5. The distributed group key management system of claim 4 wherein the blinded key module includes a one way function for generating the first member blinded key.

6. The distributed group key management system of claim 1 wherein the first internal node is a root node.

7. The distributed group key management system of claim 1 wherein said first member further includes:

a key association group module for determining the key association group associated with the first member;

a secret key generator for generating the first member first secret key; and

a blinded key module for generating the first member blinded key from the first member first secret key.

8. The distributed group key management system of claim 1 wherein said second branch includes a first member that is a member of the key association group associated with the first branch first member; and

the first member further includes an unblinded key module having a mixing function for determining the unblinded key of the first internal node from the blinded key of the first branch first member and the blinded key of the second branch first member that is a key association group member associated with the first branch first member.

9. The distributed group key management system of claim 1 wherein said first member further includes;

a key association group module for determining the key association group associated with the first member;

a secret key generator for generating the first member first secret key; and

a blinded key module having a one way function for generating the first member blinded key from the first member first secret key; and

an unblinded key module having a mixing function for determining the unblinded key of the first internal node.

10. A method of providing secure communications between at least two present members, comprising the steps of:

providing a binary tree having at least one internal node and at least two leaf nodes, one of said internal nodes being a root node, each of said internal nodes having two branches extending therefrom, a first branch ending at one of said leaf nodes and another branch ending at another of said leaf nodes, a root path extending from each of said leaf nodes to said root node;

assigning each of said present members to said leaf nodes, whereby each of said present members has a root path extending from a leaf node to said root node;

assigning a binary ID to said internal nodes and leaf nodes;

associating a secret key and a blinded key with each of said leaf nodes, wherein the blinded key is derived from the secret key;

determining a key association group that is associated with a present member for dividing key distribution tasks, the key association group including a group node corresponding to each internal node in the root path of the present member, each group node having an associated member, said present member being assigned to a leaf node in the first branch of said root path internal node, each associated member being assigned to a leaf node in the other branch of said root path internal node;

the present member sending to the associated member of the key association group a blinded key associated with the group node in the first branch of the root path internal node;

the key association group associated member sending to the first member a blinded key associated with the group node in the other branch of the root path internal node;

determining an unblinded key of the root path internal node from the blinded key associated with the other branch group node and the blinded key associated with the first branch group node;

encrypting data with the root path internal node unblinded key; and

communicating the encrypted data between members located on branches depending from the root path internal node.

11. The method of claim 10 wherein the step of associating a secret key further comprises generating the secret key.
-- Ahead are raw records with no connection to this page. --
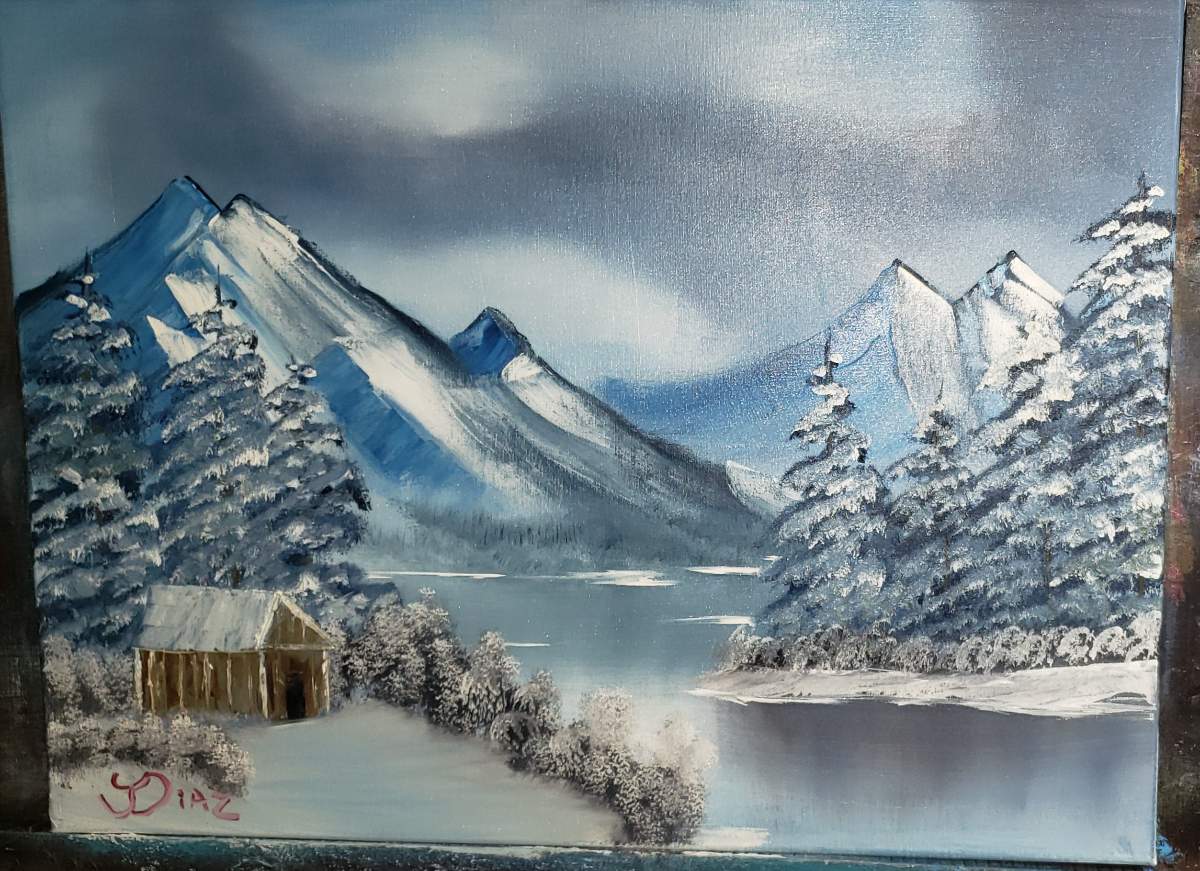 Trying to get more details in my mountains. Cabins need a lot more practice as well. Im happy overall because I can't even draw a stick figure so it is not that bad.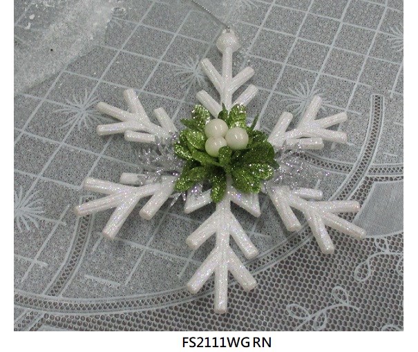 6.5"H Acrylic white glitter berries snowflake ornament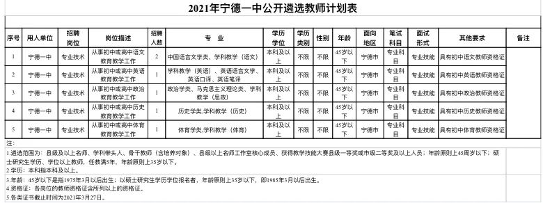 记者从市教育局获悉,为筹建复办宁德一中初中部,目前正面向宁德全市公办中小学在职教师,公开遴选6名教育教学岗位工作人员。3月21日-3月27日17时30分可报名,逾期不予补报。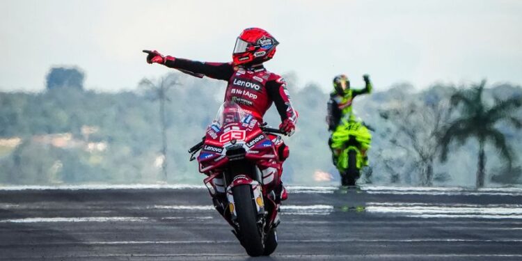Marc Marquez vince la Sprint in Brasile, davanti a Fabio Di Giannantonio e a Jorge Martin, al primo podio con i colori Aprilia Racing davanti al compagno di squadra Marco Bezzecchi, quarto. Il pilota del Pertamina Enduro VR46 Racing Team sembrava avere in tasca la vittoria ma, a tre giri dalla bandiera a scacchi, lo spagnolo della Ducati l’ha passato dopo una rincorsa durata otto giri. Sotto la bandiera a scacchi, dietro al numero 89, Ai Ogura (Trackhouse MotoGP Team), che ha fatto così salire a tre il numero delle RS-GP fra i primi cinque. A seguire Quartararo, Alex Marquez (BK8 Gresini Racing MotoGP), Francesco Bagnaia (Ducati Lenovo Team) e Pedro Acosta (Red Bull KTM Factory Racing), che resta in testa alla classifica con 2 punti più di Bezzecchi. Domani alle 19.00 la gara.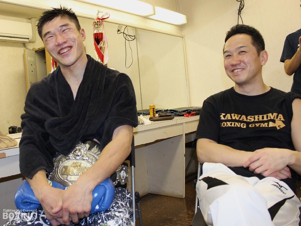 川島ジム創設16年目、4度目のタイトル挑戦で念願の王者を誕生させた川島郭志会長は「本当にありがとう。でもここからだな」と愛弟子に感謝の意を伝えるともに防衛ロードに早くも気を引き締めていた。

12. The method of claim 10 wherein the step of associating a secret key further comprises generating the blinded key from the secret key using a one way function.

13. The method of claim 10 wherein the steps of sending further include using a secure channel.

14. The method of claim 13 wherein the step of using the secure channel further includes using a public key to encrypt the blinded key of the present member and the blinded keys of the associated members.

15. The method of claim 10 wherein the step of determining the root path internal node unblinded key further includes applying a mixing function to the blinded key associated with the second branch node and the blinded key associated with the first branch node.

16. The method of claim 10 further comprising the step of removing a leaving member from the binary tree.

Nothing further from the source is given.